Each column of data can be accessed separately as:

df['Open']
df['High']
df['Low']
df['Close']
df['Volume']

The analogy with Excel operations - Arithmetic Operations

If you have excel or any other worksheet experience, understanding dataframe operation would be easy.

 Assuming, you were working on excel, you could have calculated the range by subtracting low values from the high value as shown below:

The formula in excel could now have been copied for all other cells for the calculation. Similarly, in a dataframe, you can do operations between two columns. However, you can only name the column by not the row number. For example in excel, we have written c3-d4, instead, you are only allowed “c-d” in the dataframe and you can refer to a column with the title of the column.

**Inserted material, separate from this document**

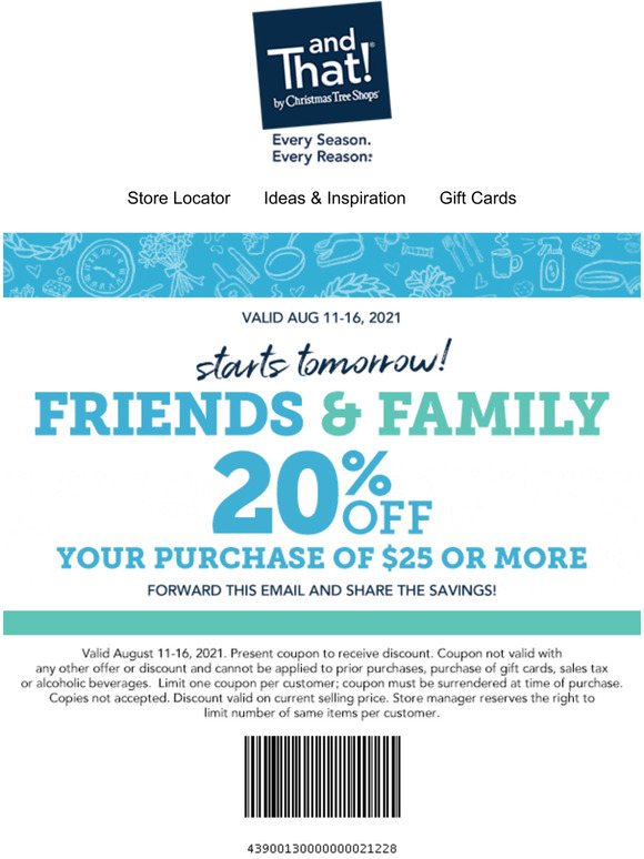 Get 20% Off Your Purchase at Christmas Tree Shops (In-Store or ... Jul 1, 2022 ... Save with Christmas Tree Shop Friends and Family coupon. Savings of 20% off your total order. This event only happens once a year, ... Deals - Christmas Tree Shops - Home Decor, Furniture & Gifts Store Want to receive SMS alerts? Text Deals to 66763. Remember, first-time subscribers receive a coupon for $10 off your in-store purchase of $50 or more. › wixWix - Home - Facebook Wix, San Francisco, California. 4,569,863 likes · 11,324 talking about this. Wix.com is a platform that gives you the freedom to create, design, manage and develop your web presence exactly the way... Christmas Tree Shops Friends And Family Coupon October 2022 Christmas Tree Shops Friends And Family Coupon - 61 Promo Codes save averagely $24.89 per order after using Coupons.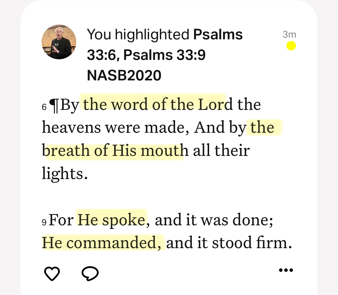 By the word of the Lord the heavens were made, and by the breath of His mouth all their lights. … For He spoke, and it was done; He commanded, and it stood firm. (Psalm 33:6, 9)

Lets say you have a data in CSV and you read it and make a dataframe as I discussed in my earlier post

Datetime

High

Low

Range

2021-09-01T00:00:00

650

636

14

2021-09-02T00:00:00

648

640.5

7.5

2021-09-03T00:00:00

649.9

637.6

12.3

2021-09-06T00:00:00

661

638.2

22.8

2021-09-07T00:00:00

648.4

631

17.4

2021-09-08T00:00:00

641.15

631

10.15

2021-09-09T00:00:00

635

626.4

8.6

You can perform the above operation in python dataframe as :

df[‘Range’] = df[‘High’]-df[‘Low’]

If no column with name Range exists in your dataframe a new column will be created.

 Now, you can use the same method for doing all other Arithmetic Operations like addition, multiplication or divide. You can view your dataframe anytime by using print command. 

print(df)

Data in dataframe can be assumed as under :

Index

0

1

2

3

4

5

6

7

8

Close

14.5

14.7

15.0

15.5

14.3

15.1

15.6

16.2

15.4

Each data can be represented by the index number. The most recent data has the latest index number, while the oldest data has "0" as index number. 

You can access the first close data from the dataframe (assume the name as df) as df.iloc[0,'Close']. If you know the index of the data you can access the data by iloc keyword. Assuming above data as dataframe named df, then df.iloc[6,'Close'] will provide you with a value of 15.6

add column in dataframe

We have already discussed in the above range example to add new column to dataframe. If you have a dataframe named as "df", you can add new column by just df['name of new column'] and set the value of entire column. If you want to make it string, assign a string value. 

df['CrossOver']= False

dataframe drop

You can also remove any data column from the dataframe. The function of removing a column is known as "drop". For example , I already have a column range and now I do not want column in my data frame, I can remove the column by using below instruction

dfNew  = df.drop('Range')

Note that the drop is a function and hence the bracket used is () and not []. The drop function do not modify the existing dataframe but produces a new dataframe with dropped column. You have to save the output generated from the drop function in a new variable.  

dataframe write to csv

The data stored in the dataframe can  be saved as a CSV file using a .to_csv() function. If say "df" is the name of the dataframe, then you can save the dataframe in CSV file using df.to_csv("fileName")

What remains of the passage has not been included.